Exactly the lines below starting at the line with "技术面:月线五浪下跌,周线五" and ending at the line with "Nicely maker- (ie." are wanted, with both ends included. Leave out the pictures and add no other lines.

▸ GIVEN RECORDS:
—————

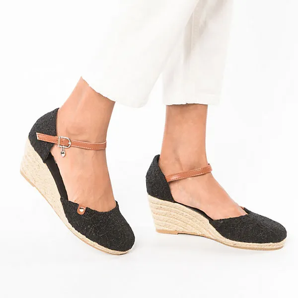 Unterstreichen jedes Outfit: Diese ansprechenden Keilpumps aus dem Hause Inselhauptstadt. Der mittelhohe Keilabsatz bietet Ihnen ein angenehmes TragegefĂĽhl sowie einen stilsicheren Look. Das textile Futter besteht aus Canvas und passt sich gut an den FuĂź an. Das robuste Obermaterial aus Canvas setzt einen sportiven Akzent. Durch die Schnalle kann die Weite der Schuhe optimal eingestellt werden.
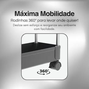 - Rodízios que giram 360, proporcionando mobilidade e praticidade no uso.
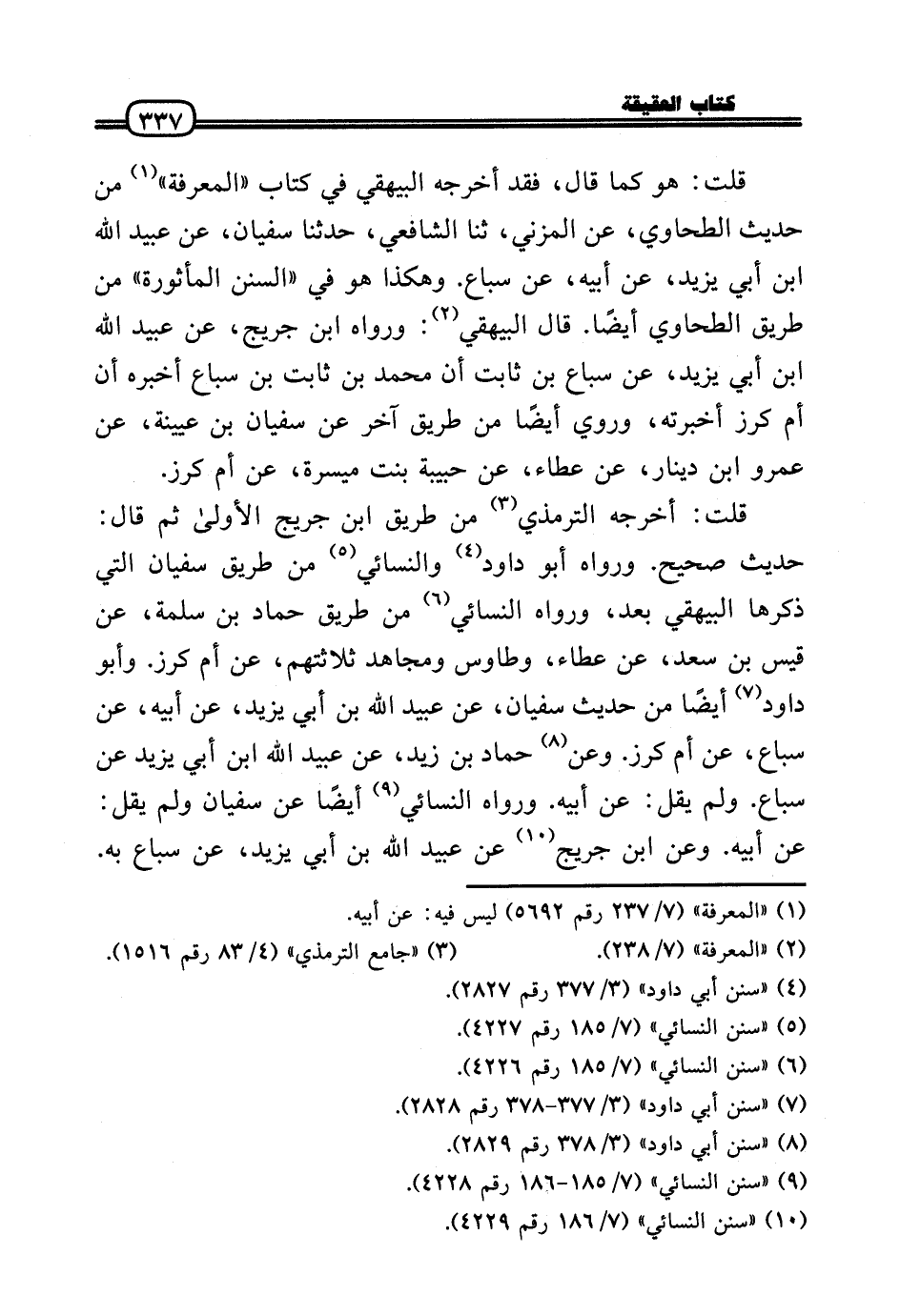 قلت: أخرجه التِّرْمِذِيّ من طَرِيق ابْن جريج الأولَى ثمَّ قَالَ: حَدِيث صَحِيح. وَرَوَاهُ أَبُو دَاوُد وَالنَّسَائِيّ من طَرِيق سُفْيَان الَّتِي ذكرهَا الْبَيْهَقِيّ بعد، وَرَوَاهُ النَّسَائِيّ من طَرِيق حَمَّاد بن سَلمَة، عَن قيس بن سعد، عَن عَطاء، وَطَاوُس وَمُجاهد ثَلَاثَتهمْ، عَن أم كرز. وَأَبُو دَاوُد أَيْضا من حَدِيث سُفْيَان، عَن عبيد الله بن أبي يزِيد، عَن أَبِيه، عَن سِبَاع، عَن أم كرز. وَعَن حَمَّاد بن زيد، عَن عبيد الله ابْن أبي يزِيد عَن سِبَاع. وَلم يقل: عَن أَبِيه. وَرَوَاهُ النَّسَائِيّ أَيْضا عَن سُفْيَان وَلم يقل: عَن أَبِيه. وَعَن ابْن جريج عَن عبيد الله بن أبي يزِيد، عَن سِبَاع بِهِ.
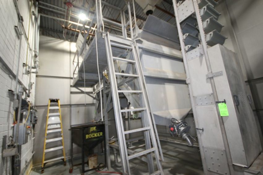 S/S De-Rocker Bath, with Aprox. 4 ft. 11" W Conveyor, with Flights, with S/S Frame (NOTE: Cleans Nuts Before Hits Jesse Pasturization Tunnel)(LOCATED IN SAHUARITA, AZ) (RIGGING, LOADING, & SITE MANAGEMENT FEE: $600.00 USD)
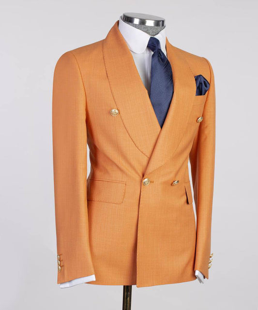 Men's Suit 2 Piece Double Breasted Yellow,Peak Lapel
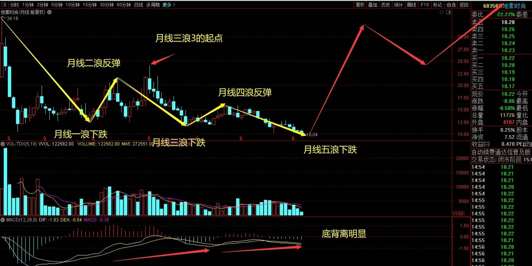 技术面:月线五浪下跌,周线五浪下跌,日线五浪下跌,都已经出现背离,月线上涨趋势要开启了,对于大资金来说这是好消息
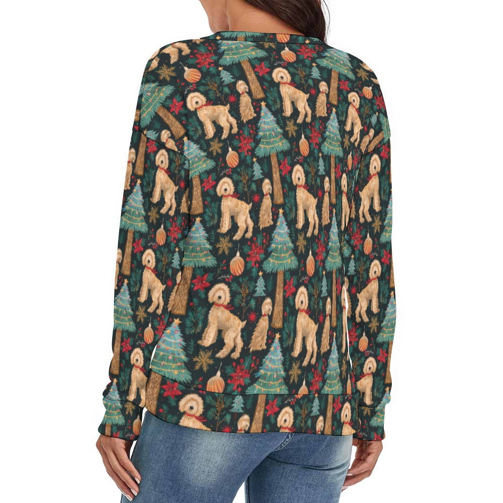 This delightful sweater captures the spirit of Christmas, featuring playful Goldendoodles amidst a backdrop of festive flora and twinkling ornaments.
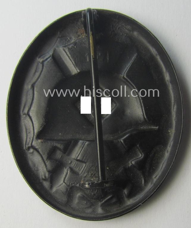 Nicely maker- (ie. '107-) marked example of a black-class wound-badge (or: 'Verwundeten-Abzeichen in Schwarz') being an example that was produced by the maker (ie. 'Hersteller') named: 'Carl Wild'
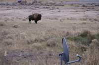 a bison jam.  As you can see from this photo out the front window, we were going nowhere until he moved!  Now some of you may remember that last year we enjoyed an incredible sea scallop dinner with Rich, Annette, Bill, and their friends.  This group has been
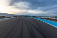 Straight down the road on a sunny morning in the USA. Asphalt curves ahead, revealing a race track bathed in the golden light of dawn. Sun visible in the clear sky adds to the excitement of racing.
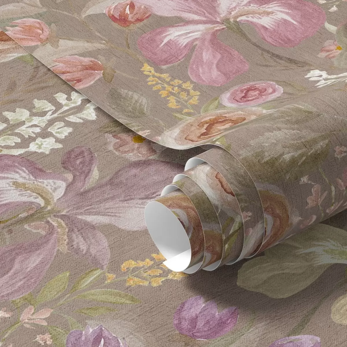 Тапет Реколта розов ирис цвете модел на бежов текстуриран фон Nr. a00457
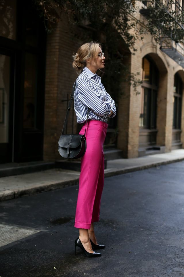 А ось що ідеально підійде для зустрічі з начальством або колегами - штани кольору фуксія. Вони чудово поєднуються з класичною сорочкою і човниками. І виглядають дуже стильно і доречно.
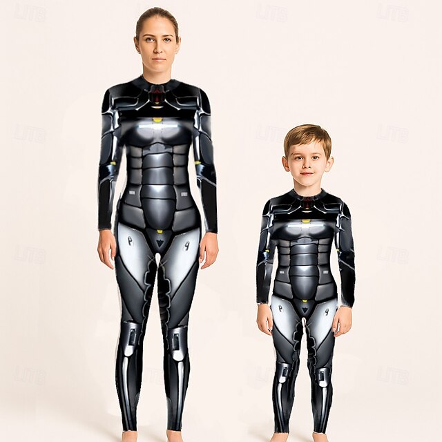 HOT ! Family Jumpsuit Halloween pattern Street Print Silver Black-1 Black Long Sleeve Matching Outfits

—————

▸ RESPONSE:
 技术面:月线五浪下跌,周线五浪下跌,日线五浪下跌,都已经出现背离,月线上涨趋势要开启了,对于大资金来说这是好消息
 This delightful sweater captures the spirit of Christmas, featuring playful Goldendoodles amidst a backdrop of festive flora and twinkling ornaments.
 Nicely maker- (ie. '107-) marked example of a black-class wound-badge (or: 'Verwundeten-Abzeichen in Schwarz') being an example that was produced by the maker (ie. 'Hersteller') named: 'Carl Wild'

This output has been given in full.